My Lords, I point to the considerable progress we have made in cutting carbon emissions while building more homes. We have a plan to further reduce that. Our work on a full technical specification for the future homes standard has been accelerated, and we will consult on it in 2023. This year, we are introducing an interim uplift in Part L standards that will deliver a meaningful reduction in carbon emissions. This is the stepping stone to ensure that our future homes reduce their carbon footprint and we hit our targets.
My Lords, the water companies are committed to achieving net zero by 2030. To be able to do so, they need the tools to do the job. In ending the automatic right to connect, it is essential that sufficient sustainable drains are built. Will my noble friend ensure that the Government adopt the necessary building regulations to facilitate this?
My Lords, I declare my interests as set out in the register. Last month, the i newspaper reported that homes in the UK heat up twice as fast as the European average during heatwaves. As a result, demand for air conditioning units has increased, which in turn uses energy and increases emissions. Can the Minister outline what steps the Government are taking to address this, especially considering that temperatures are expected to rise in the coming decades?
My Lords, above all, we recognise the need to move away from fossil fuel heating to meet our commitment to net-zero greenhouse gas emissions by 2050. We are approaching that by continuing to set performance-based standards rather than mandating a solution. We are making progress to achieve that and we will continue to come up with ideas that drive progress in this area.
My Lords, two Liberal Democrat Secretaries of State for Energy and Climate Change quadrupled our renewable electricity output, making us a world leader in offshore wind.
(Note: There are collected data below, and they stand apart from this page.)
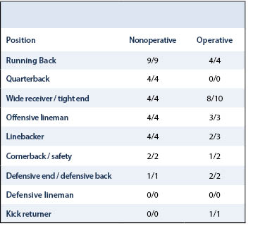 Twenty-eight (53%) of these athletes underwent nonoperative management, requiring at least 2 weeks of rest, and 25 (47%) of these athletes underwent operative intervention. In those who underwent nonoperative management, 21 (84%) were primarily offensive players and 7 (16%) were primarily defensive players. Four of the athletes (14%) were offensive/defensive lineman, while the remaining 24 athletes (86%) were non-lineman. In those who underwent operative management, 17 (68%) were primarily offensive players, 7 (28%) were primarily defensive players, and 1 (4%) was primarily a special-teams player. Three of the athletes (12%) were offensive/defensive lineman, while the remaining 22 athletes (88%) were non-lineman. In both groups, 68% of athletes can be characterized as skill positions (Table 1). Average age of athletes in the surgical group was 27 years (range 21 – 33) and the average age in the non-operative group was 27 (range 22 – 36).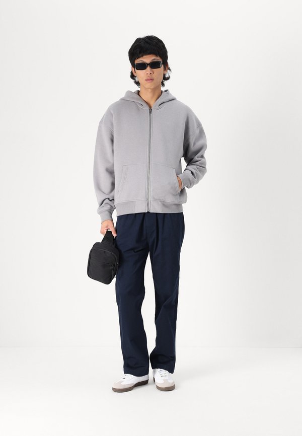 HOT ! Boxy Faux Shearling-Lined Zip-Up Hoodie - Hoodie - smoked pearl faux wash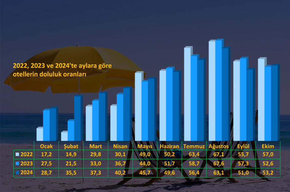 Turistik konaklama tesislerinin Ekim ayındaki doluluk oranı %53.2 düzeyinde açıklandı. Turizm Bakanlığı’na bağlı Turizm Planlama, İstatistik ve Araştırma Dairesi’nin verilerine göre, otellerin 10 aylık doluluk oranı ortalaması ise %46.2 seviyesinde saptandı. Ekim ayındaki doluluk oranı geçen yılın aynı ayına göre %1.14 oranında artarken, 2022’nin %6.7 oranında gerisinde kaldı. Ekim aylarındaki doluluklar 2023’te %52.7; 2022’de ise %57 seviyesinde kaydedilmişti.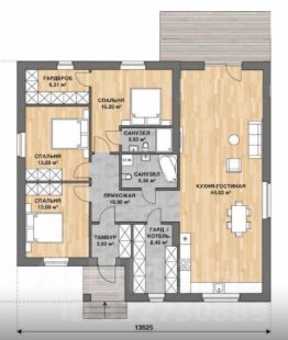Крыльцо, прихожая, холл, котельная, 3 спальные комнаты - одна из них мастер- спальня, кухня-гостиная выходом на террасу, большая совмещенная ванная с туалетом.

With only 52 days to go before COP 26, why are the Government not saying a categoric no to projects such as the Cumbrian coal mine, which will move us backwards and torpedo our international credibility, not least in persuading China and India to stop their investment in coal?
My Lords, I am not surprised that the Cumbrian coal mine has been mentioned. As noble Lords will know, on 11 March the Secretary of State called in the planning application for a coking coal mine in Cumbria. The Secretary of State’s published letter calling in the application set out his reasons for doing so. The application having been called in, a public inquiry overseen by an independent planning inspector is currently under way to consider the proposal. Once the inquiry is closed, the inspector will prepare a report and recommendation and the case will come before Ministers. Therefore, it would be inappropriate to comment on the details of the application.
My Lords, the built environment is responsible for around 43% of total carbon emissions and the planning system has a central role to play in addressing its environmental impact. As president of the CBI, I ask the Minister whether he agrees that it is absolutely essential to business that there is consistency and alignment across planning, net zero and building safety. Furthermore, although business supports the Government’s vision for a streamlined, faster process for planning decisions, surely he would agree that more needs to be done and set out so that planning can incentivise greener homes, greener buildings and a low-carbon energy network.
My Lords, I would agree with what the noble Lord said: it is important to join up government and we are making progress in this area. How we intend to do this will be outlined imminently as we respond to the consultation on the Planning for the Future White Paper and set out our legislation in this Session.